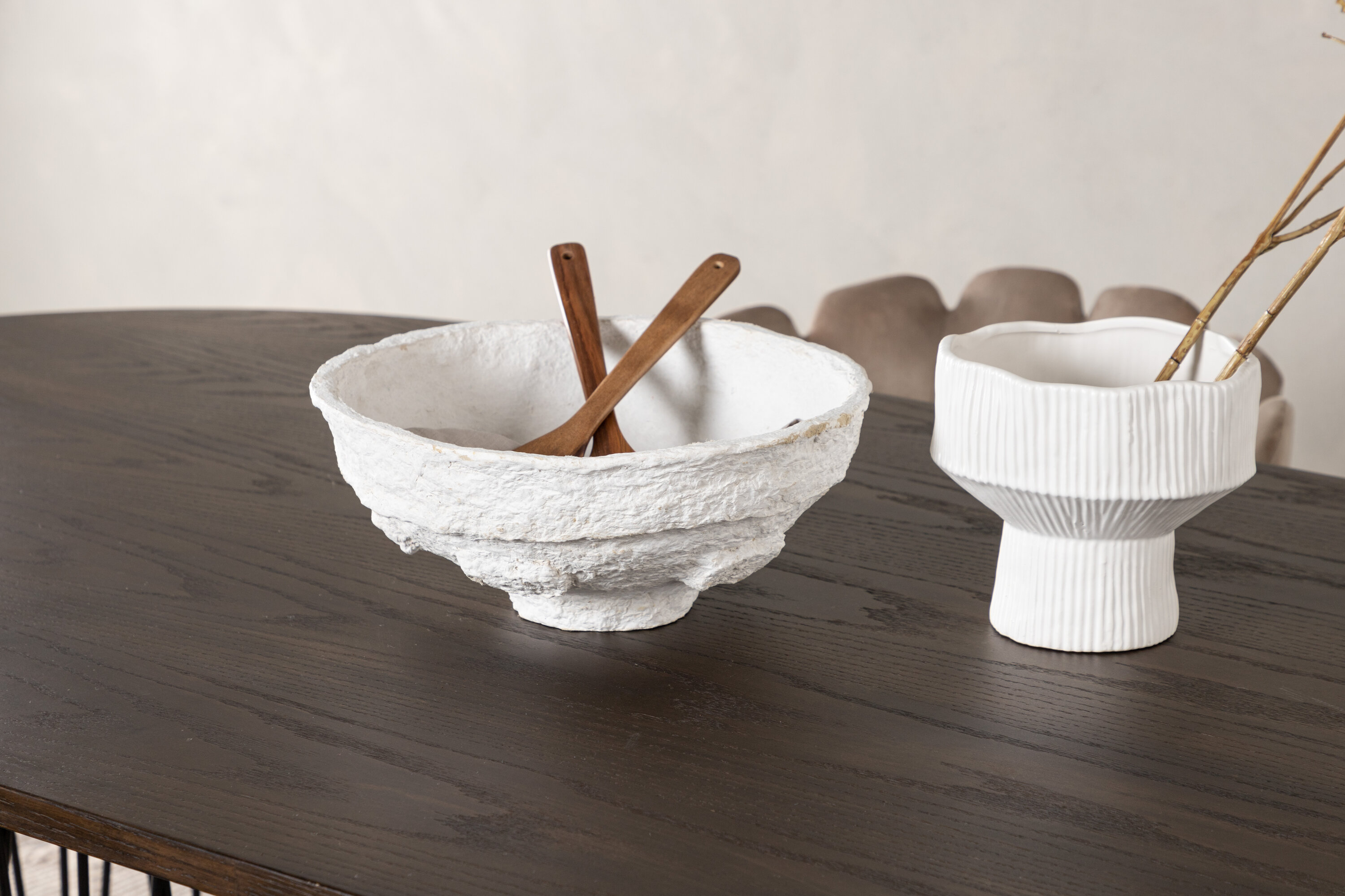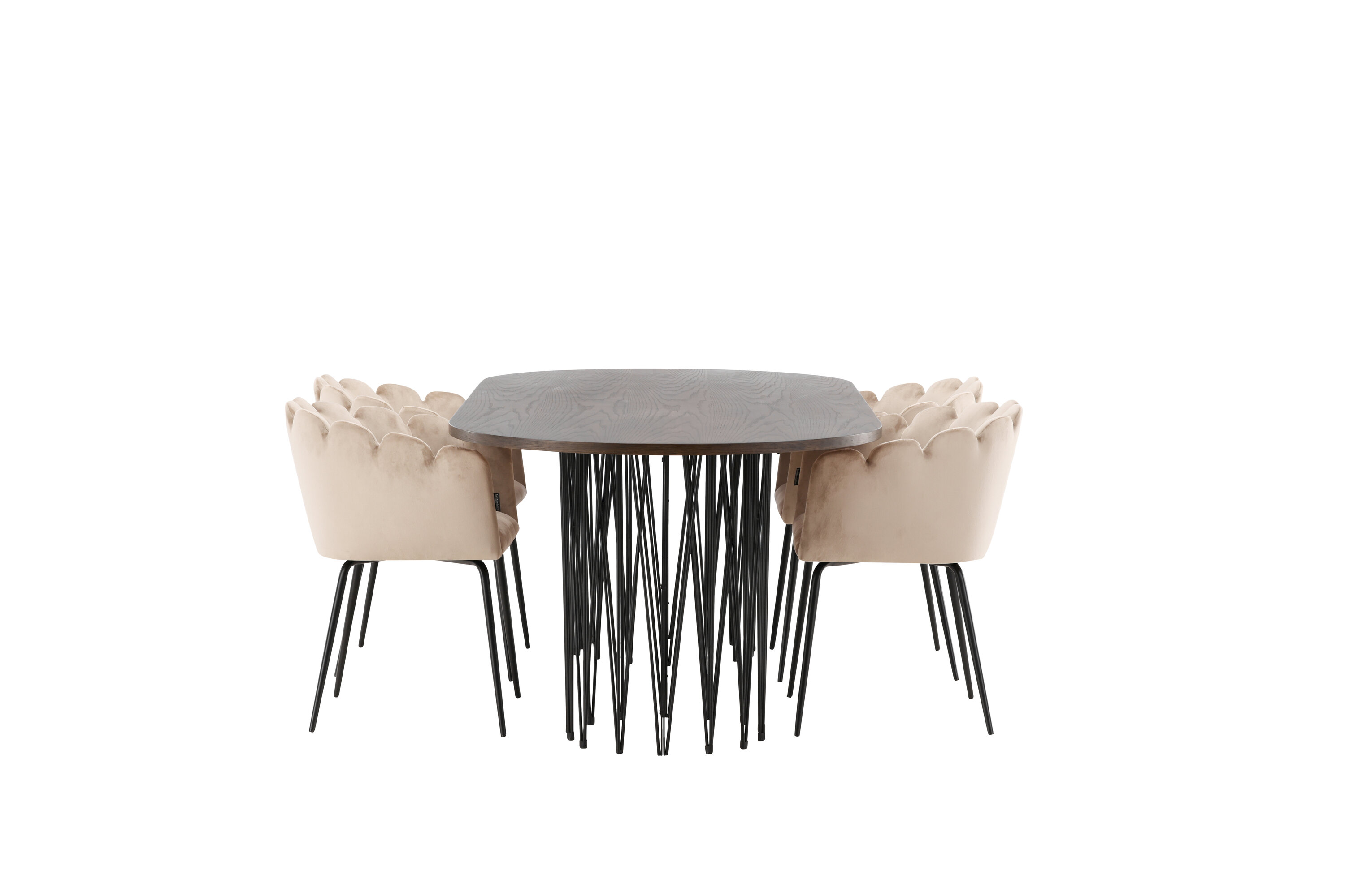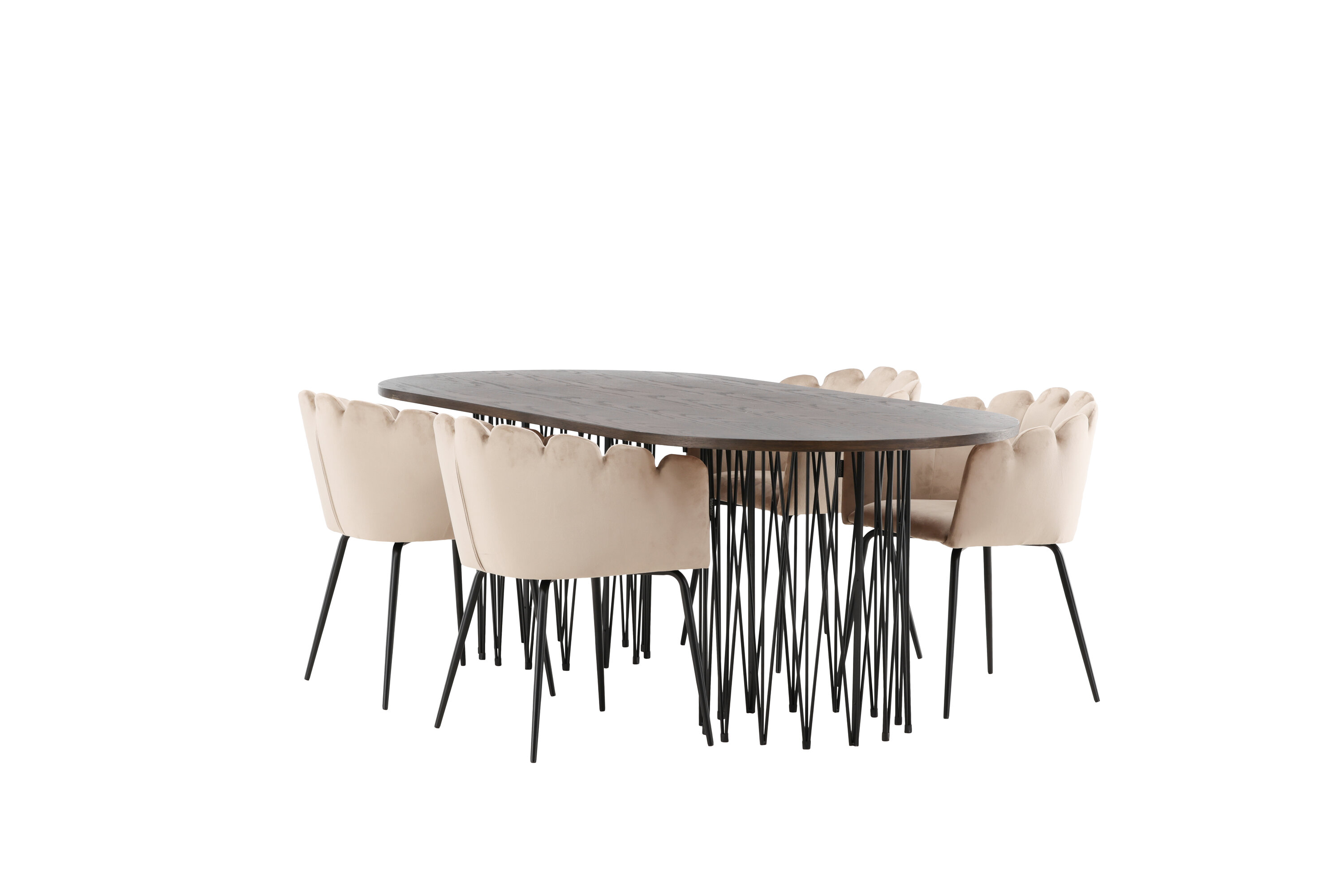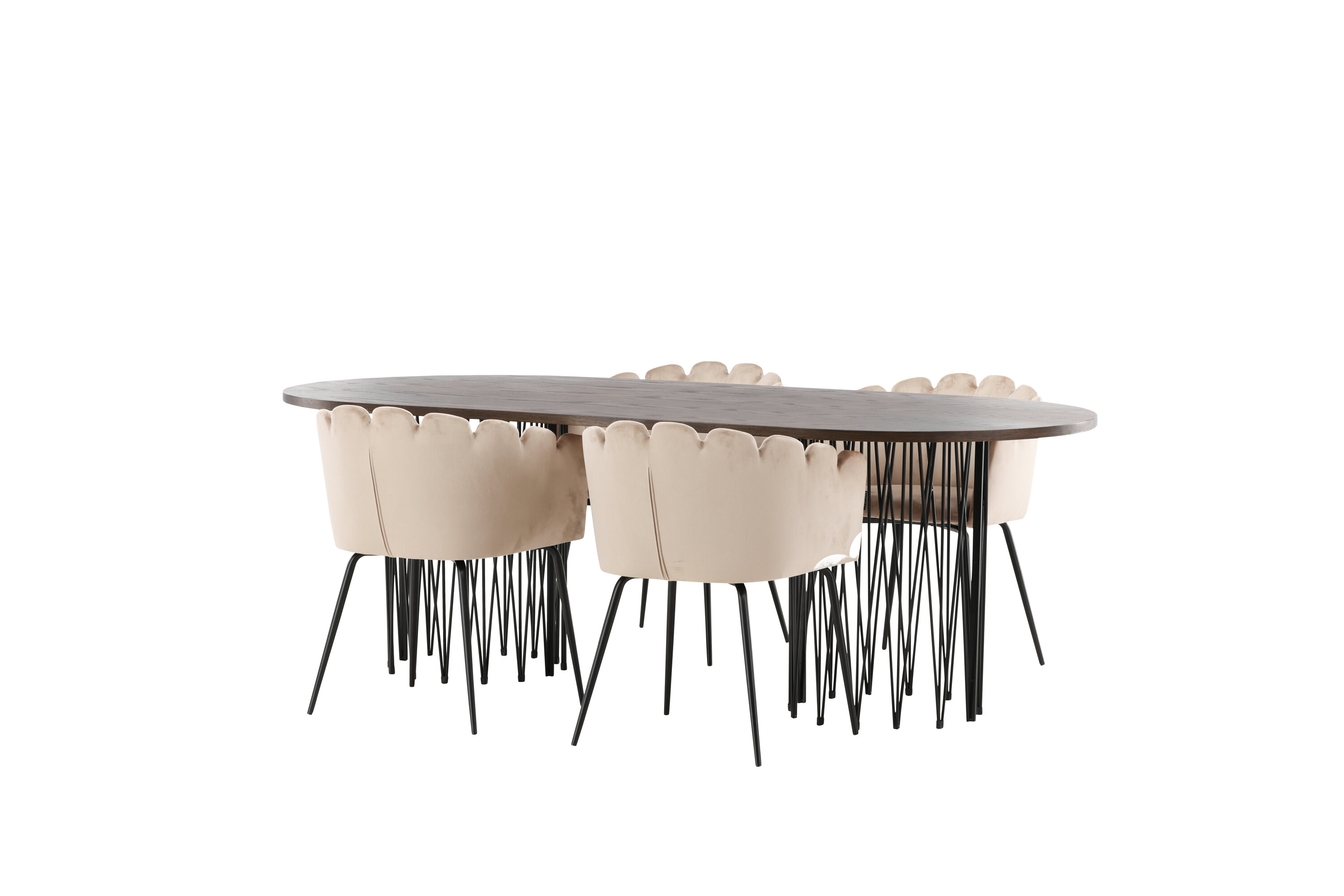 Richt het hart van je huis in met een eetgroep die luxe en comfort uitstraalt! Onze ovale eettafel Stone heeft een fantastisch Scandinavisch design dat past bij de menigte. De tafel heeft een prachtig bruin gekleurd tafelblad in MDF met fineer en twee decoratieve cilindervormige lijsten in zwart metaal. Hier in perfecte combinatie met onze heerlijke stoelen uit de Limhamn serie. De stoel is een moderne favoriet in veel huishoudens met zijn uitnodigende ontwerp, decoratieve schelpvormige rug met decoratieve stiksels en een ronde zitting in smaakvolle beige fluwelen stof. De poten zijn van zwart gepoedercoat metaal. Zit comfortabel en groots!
++++++++++
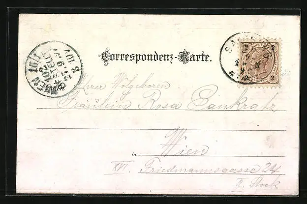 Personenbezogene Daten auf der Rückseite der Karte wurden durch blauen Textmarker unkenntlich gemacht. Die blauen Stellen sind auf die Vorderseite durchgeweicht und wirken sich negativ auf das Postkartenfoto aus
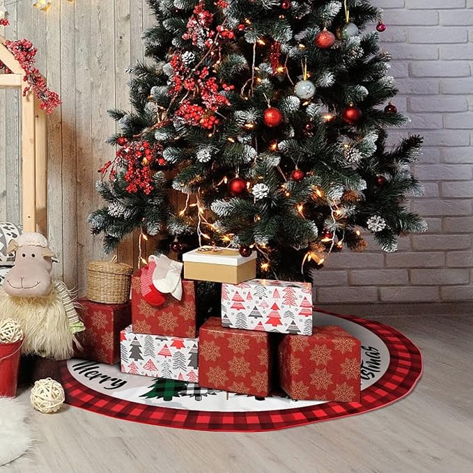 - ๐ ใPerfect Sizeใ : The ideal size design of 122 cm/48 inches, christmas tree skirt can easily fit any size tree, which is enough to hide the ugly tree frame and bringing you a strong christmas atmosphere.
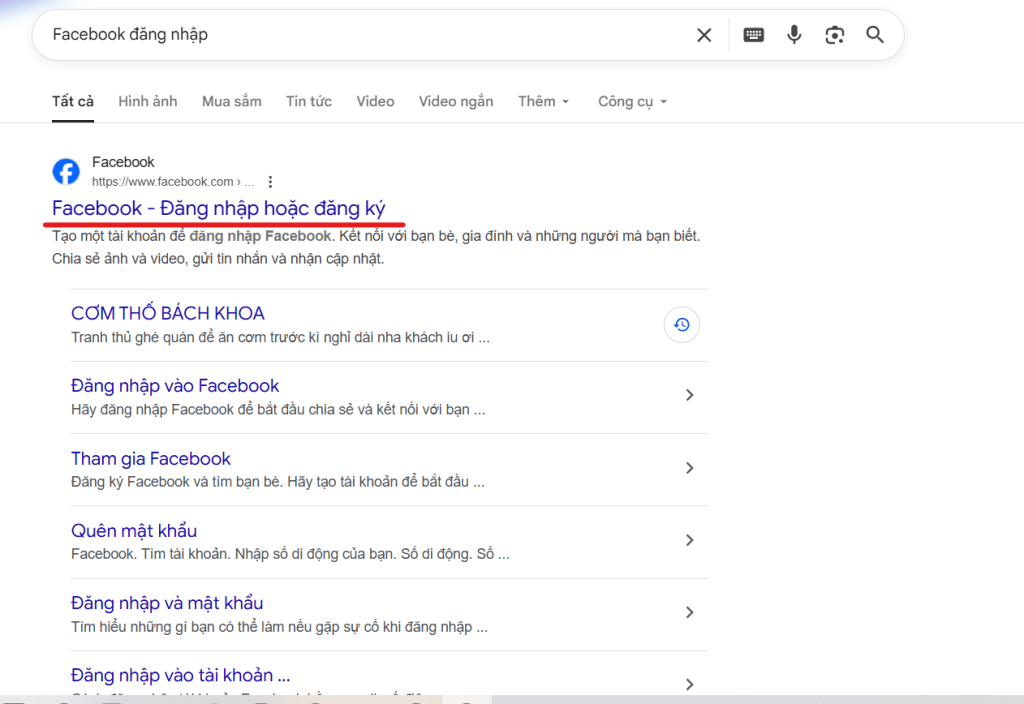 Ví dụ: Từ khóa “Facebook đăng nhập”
++++++++++
- WHAT TO DO: The data above holds the lines to copy: start at the one with "Personenbezogene Daten auf", stop at the one with "Ví dụ: Từ khóa", include both, copy them exactly without pictures, and copy nothing else.

- SOLUTION TO THIS PROBLEM:
 Personenbezogene Daten auf der Rückseite der Karte wurden durch blauen Textmarker unkenntlich gemacht. Die blauen Stellen sind auf die Vorderseite durchgeweicht und wirken sich negativ auf das Postkartenfoto aus
 - ๐ ใPerfect Sizeใ : The ideal size design of 122 cm/48 inches, christmas tree skirt can easily fit any size tree, which is enough to hide the ugly tree frame and bringing you a strong christmas atmosphere.
 Ví dụ: Từ khóa “Facebook đăng nhập”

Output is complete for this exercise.